Vor diesem Hintergrund kann das ergänzende Angebot einer
Psychotherapie sinnvoll sein. Die Anzahl der Therapeuten, die sich auf Aspekte
dieser Thematik einlassen, ist jedoch begrenzt, so daß schon jetzt Wartezeiten
von 6 bis 12 Monaten üblich sind. Um ihren Sinn zu erfüllen, setzen Therapien
eine Motivation des Klienten voraus. Für die Thematik der Transsexualität
bedeutet das: Eine obligatorische Therapie verbietet sich von selbst. Erstens
gibt es Menschen, die unabhängig von ihrer Transsexualität Therapie ablehnen;
diesen dürfen deswegen keinesfalls Hormontherapie und Operationen verweigert
werden. Zweitens ist zu wenig Personal vorhanden.

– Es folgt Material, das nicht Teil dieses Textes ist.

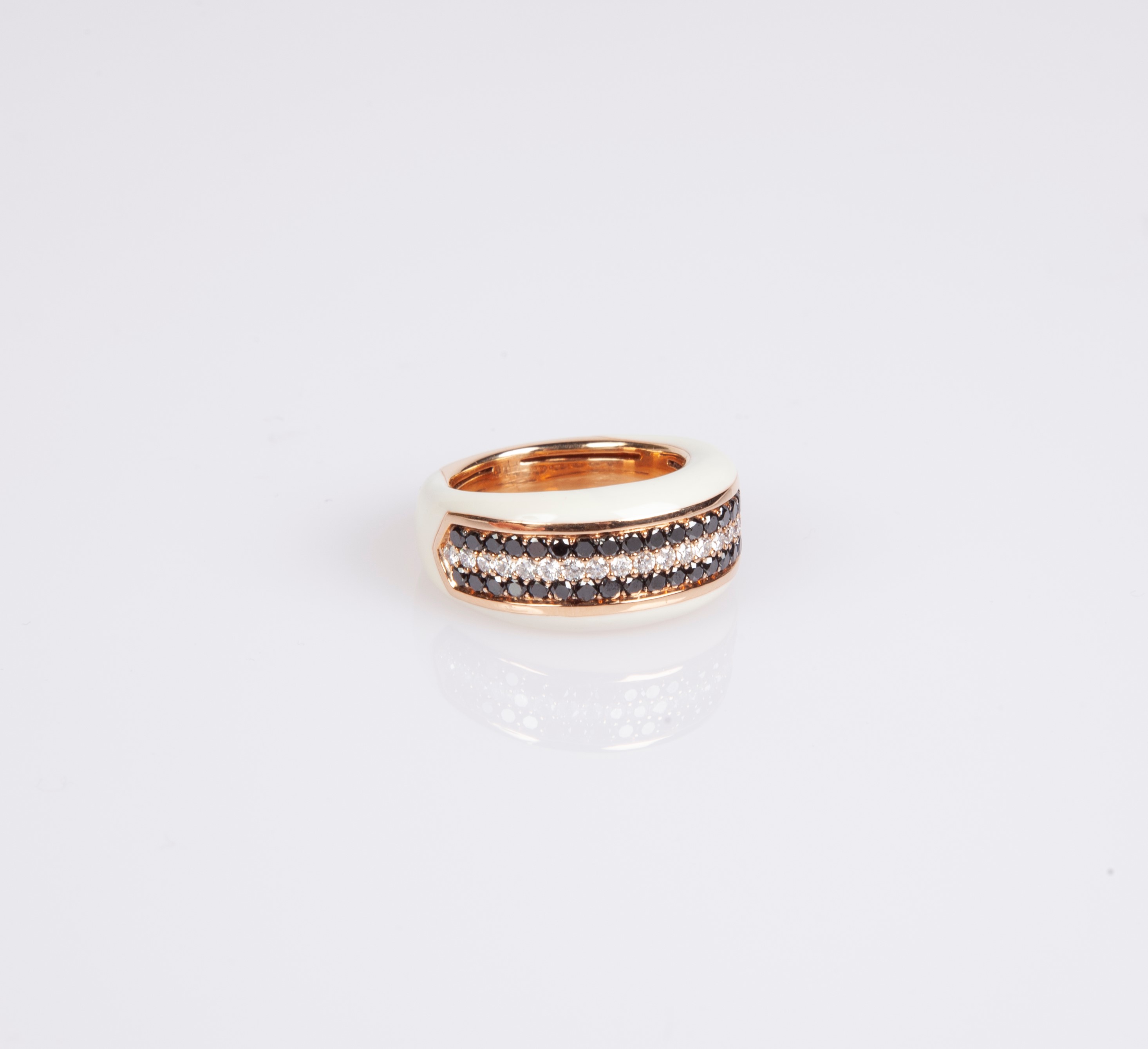 Oro rosa 750/000, diamanti taglio rotondo brillante ct. 0,70 ca, diamanti neri ct. 1 ca.

Drittens ist der einzige
Zweck, der eine Psychotherapie rechtfertigt, das Wohl des Klienten; jeder
andere Zweck wie die Erstellung einer Diagnose muß als Mißbrauch gewertet
werden.
Das Ziel des transidentischen Prozesses kann nur im
subjektiven Wohlbefinden liegen; also in einer Lage, die von der Person selbst
als „normal“ empfunden wird. Das schließt auch Lebensstile ein, die nicht der
DIN-Norm entsprechen, wie gleichgeschlechtliche Partnerschaften u.ä.